Corine Mauch wurde in Iowa City geboren und wuchs als Doppelbürgerin im Kanton Aargau auf. Ihren US-Pass hat die 53-Jährige Ende 2012 abgegeben. Mit Politik in Berührung kam Corine Mauch früh, ihre Mutter Ursula Mauch (SP) vertrat den Aargau im Nationalrat. Das Studium führte Corine Mauch nach Zürich, wo sie an der ETH das Diplom als Agrarökonomin erlangte. An der Universität Zürich studierte sie Chinawissenschaften, in Lausanne Politik- und Verwaltungswissenschaften. Ihre berufliche Laufbahn startete Mauch als Abfall- und Umweltbeauftragte in Uster, später wurde sie Projektleiterin bei den Parlamentsdiensten der Bundesversammlung. Der SP gehört Corine Mauch seit 1990 an. 1999 wurde sie in den Gemeinderat gewählt, 2009 Stadtpräsidentin, nachdem sie sich im zweiten Wahlgang gegen Kathrin Martelli (FDP) durchsetzen konnte. Corine Mauch lebt mit ihrer Lebenspartnerin, der Musikerin Juliana Müller, im Quartier Unterstrass. (pa)

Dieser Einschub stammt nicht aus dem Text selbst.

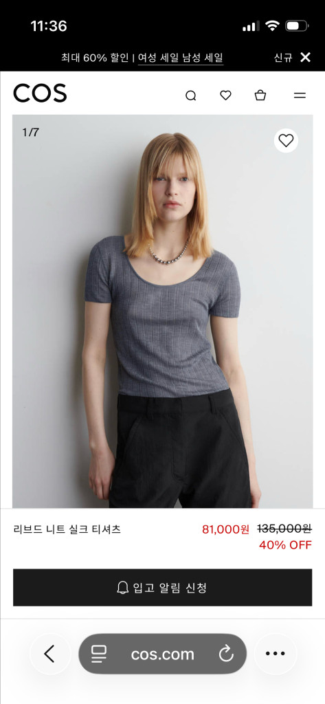 고급스러운 실크 혼방 니트 티셔츠예요. 그레이 컬러로 어떤 스타일링에도 잘 어울리고, 부드러운 소재감이 정말 좋아요.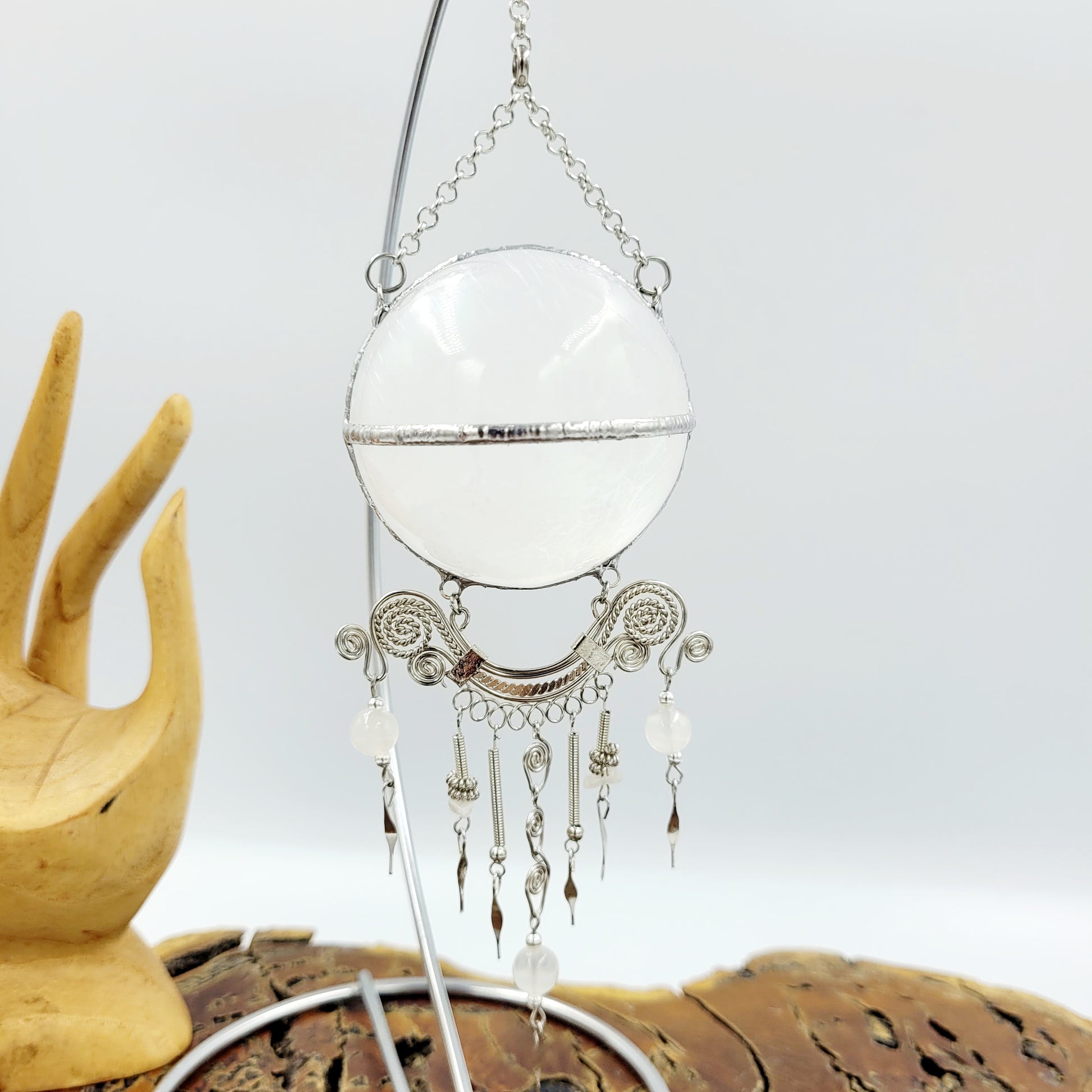 Selenite Hanging Sphere with Stand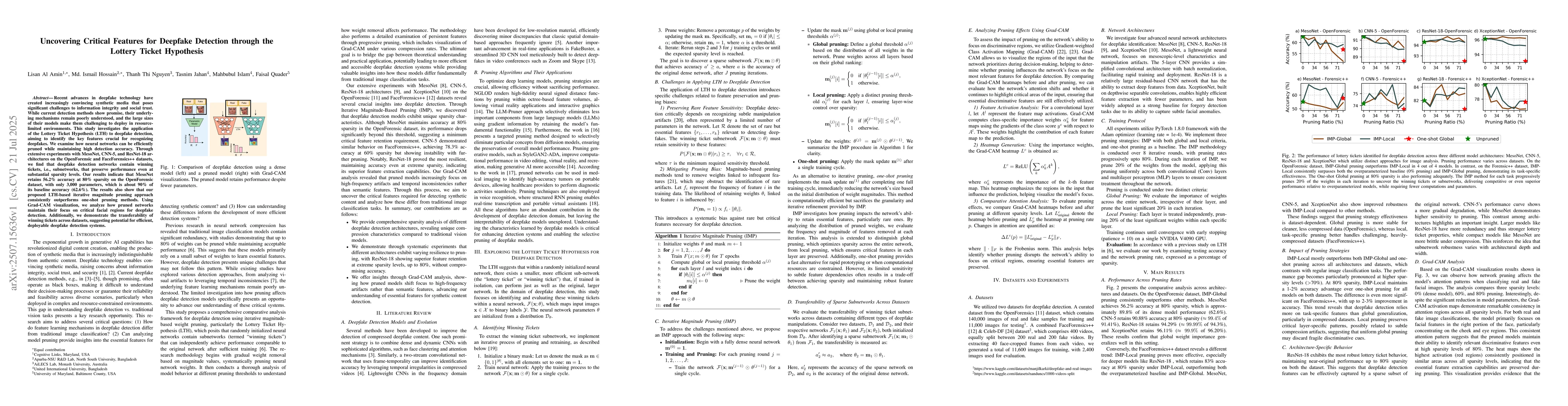 Recent advances in deepfake technology have created increasingly convincing synthetic media that poses significant challenges to information integrity and social trust. While current detection methods show promise, their underlying mechanisms remain poorly understood, and the large sizes of their models make them challenging to deploy in resource-limited environments. This study investigates the application of the Lottery Ticket Hypothesis (LTH) to deepfake detection, aiming to identify the key features crucial for recognizing deepfakes. We examine how neural networks can be efficiently pruned while maintaining high detection accuracy. Through extensive experiments with MesoNet, CNN-5, and ResNet-18 architectures on the OpenForensic and FaceForensics++ datasets, we find that deepfake detection networks contain winning tickets, i.e., subnetworks, that preserve performance even at substantial sparsity levels. Our results indicate that MesoNet retains 56.2% accuracy at 80% sparsity on the OpenForensic dataset, with only 3,000 parameters, which is about 90% of its baseline accuracy (62.6%). The results also show that our proposed LTH-based iterative magnitude pruning approach consistently outperforms one-shot pruning methods. Using Grad-CAM visualization, we analyze how pruned networks maintain their focus on critical facial regions for deepfake detection. Additionally, we demonstrate the transferability of winning tickets across datasets, suggesting potential for efficient, deployable deepfake detection systems.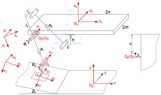 The four outrigger mechanisms of the dredging robot are geometrically symmetric about the fuselage, and therefore, only the fuselage and one outrigger are analyzed. The kinematics model of four outrigger mechanisms is established, as shown in Figure 3. We define the rotary joint between the supporting leg and the body as the hip joint, and the rotary joint between the supporting leg and foot as the ankle joint. βF is the angle between the ground and horizontal plane.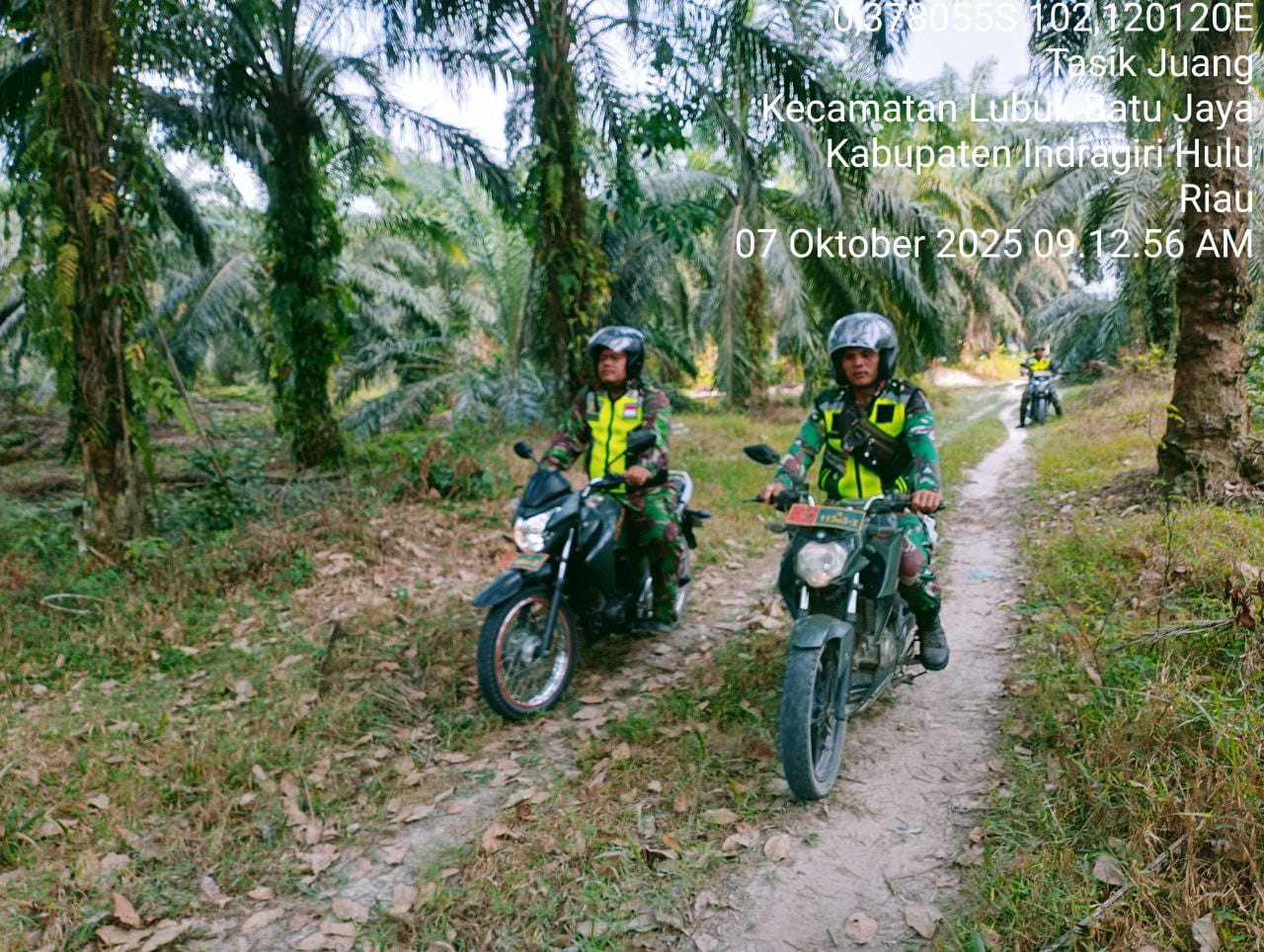 Hari ini, Serka Nana Supriatna beserta rekan babinsa sekecamatan dari Koramil 04/Pasir Penyu Kodim 0302/Inhu melaksanakan patroli di Desa Tasik Juang Kecamatan Lubuk Batu Jaya (LBJ), Kabupaten Inhu. Selasa (07/10/2025).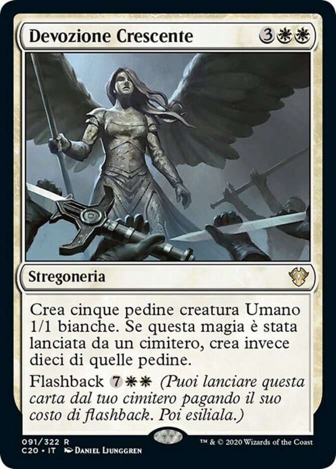 | Rules | Create five 1/1 white Human creature tokens. If this spell was cast from a graveyard, create ten of those tokens instead. Flashback (You may cast this card from your graveyard for its flashback cost. Then exile it.) |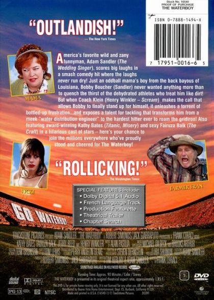 Bobby Boucher is a water boy for a struggling college football team. The coach discovers Boucher's hidden rage makes him a tackling machine whose bone-crushing power might vault his team into the playoffs.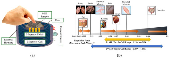 Tactile force sensor and sensing spectrum; (a) schematic of MRP sample, (b) force spectrum of MRP tactile device [66,67].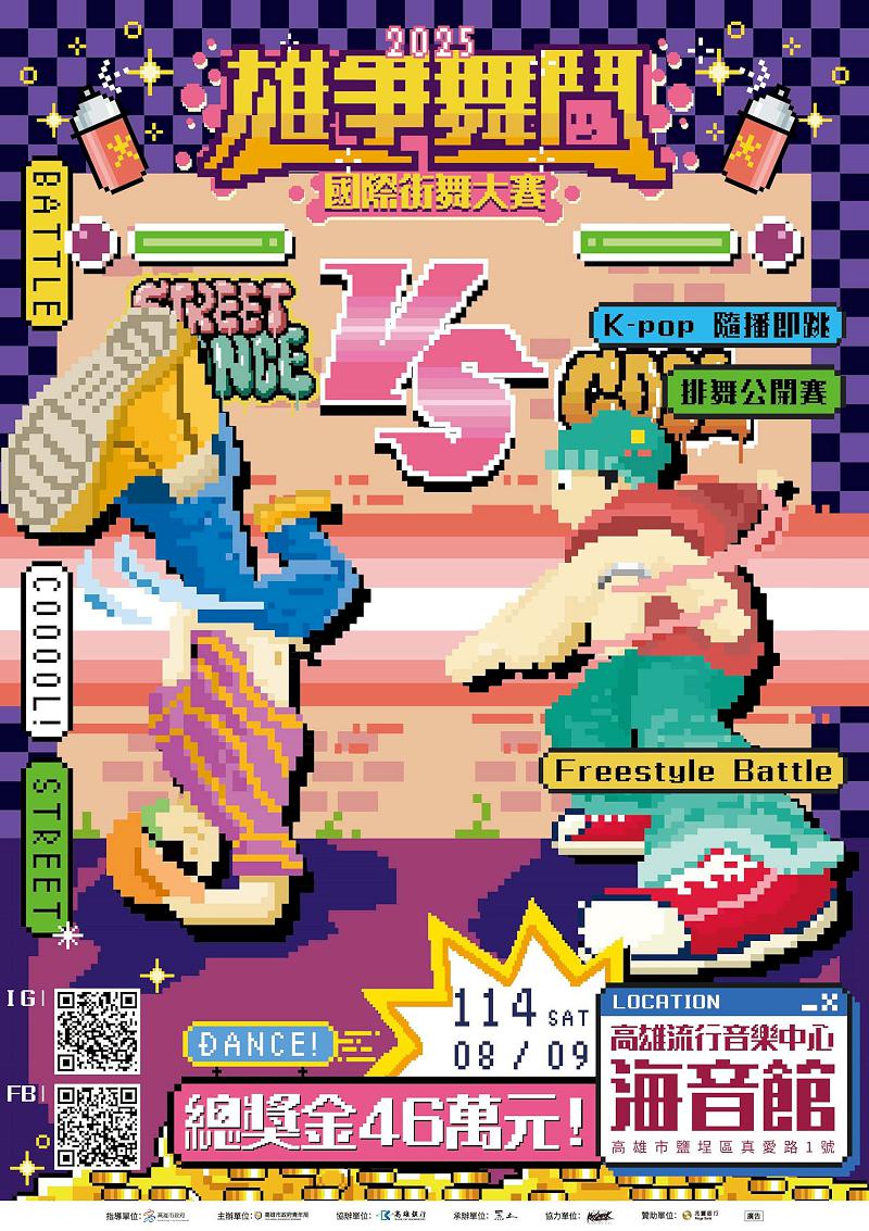 高市青年局812國際青年日系列活動2025年第五屆雄爭舞鬥國際街舞大賽8月9日在高雄流行音樂中心海音館舉行,總獎金46萬元,預估吸引超過500名國內外街舞好手角逐排舞賽、Freestyle Battle與K-POP即播即跳三大賽事,青年局長林楷軒說,街舞賽提前暑假舉行,營造兼具競技、潮流及文化國際舞台,還首度新增結合街頭塗鴉、潮流選物等元素街頭文化體驗區,感受街頭藝術多元魅力。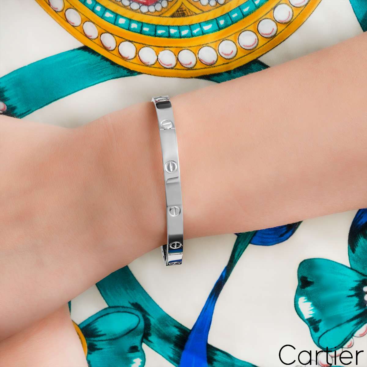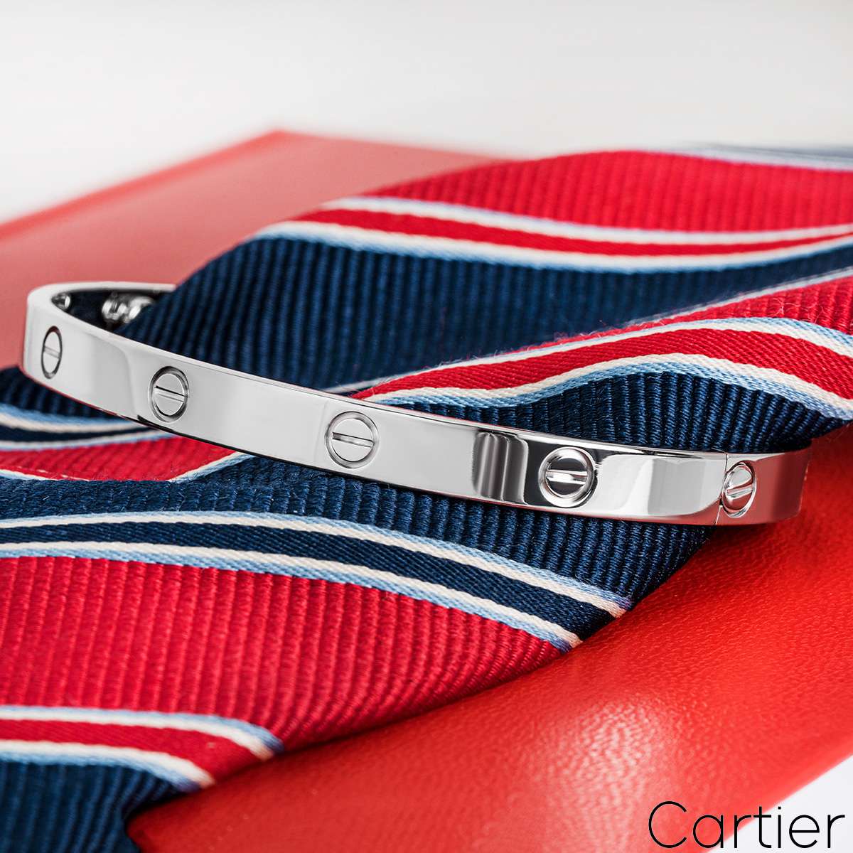 An 18k white gold Cartier bracelet from the Love collection. The bracelet comprises of the iconic screw motifs on the outer edge. The bracelet is a size 17 and features the new style screw fitting. The bracelet has a gross weight of 32.5 grams.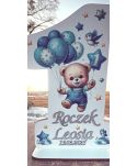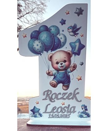 Pamiątkowa kartka -statuetka z okazji pierwszych urodzin wraz z personalizowanymi życzeniami na odwrocie.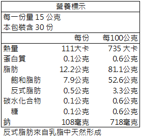 成分-殺菌乳脂(來自牛乳)、鹽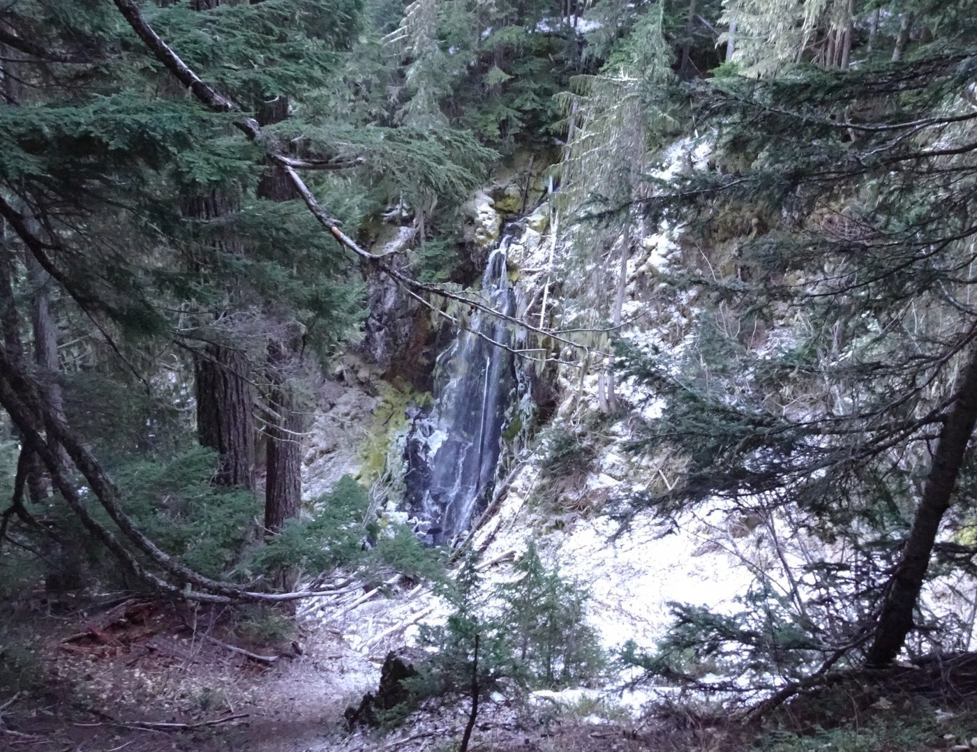 I stopped where my GAIA map says the trail ends. I could see a footbridge just ahead of me (see other post from Nov 28). The trail is above the falls, so instead of looking up to see them you actually look a little downward. Right now, the deciduous trees do not have trees blocking the view.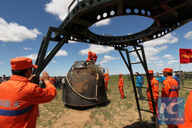 Working staff handle the re-entry capsule of China's Shenzhou-10 spacecraft after its successful landing at the main landing site in north China's Inner Mongolia Autonomous Region on June 26, 2013. (Xinhua/Wang Jianmin)

«Das erste Jahr war ein Lehrjahr»

Wann und wie haben Sie den Umgang mit Geld gelernt?
Als Kind bekam ich von den Eltern ein Sackgeld. So lernte ich, wie man Geld einteilt. Später erwarb ich einen ökonomischen Abschluss an der ETH.

Zürich muss sparen. Stehen wir vor vier mageren Jahren?
Die Stadtkasse ist mitnichten ein Sanierungsfall. Die Herausforderungen sind grösser geworden, aber bewältigbar – wenn wir jetzt handeln, was wir auch tun. Wir haben für schwierige Zeiten Eigenkapital angespart und haben davon noch über 600 Millionen Franken.

Welchen Luxus leisten Sie sich, seit Sie Stadtpräsidentin sind?
Einen neuen Kleiderschrank. Als Stadtpräsidentin habe ich eine grössere Garderobe als vorher.

Was machen Sie heute besser als vor vier Jahren?
Ich kenne meine Arbeit viel besser. Die erste Stadtratssitzung, an der ich teilnahm, musste ich gleich leiten. Ein steiler Einstieg. Ich hatte eine grosse Herausforderung gesucht, war mir aber auch bewusst, dass es eine gewisse Zeit brauchen würde, um mich ins Amt einzuarbeiten. Das erste Jahr war ein Lehrjahr, heute bin ich ganz drin im Amt.

Sie sagten mal im Scherz, dass Sie es jeden Tag bereuen würden, Stadtpräsidentin geworden zu sein. Was bereuen Sie wirklich?
Nichts, ich wollte immer schon so leben, dass es für mich in der Gegenwart stimmt. Es war mir immer wichtig, nicht einem Ziel hinterherzurennen und dabei das Leben zu verpassen und dann später etwas bereuen zu müssen.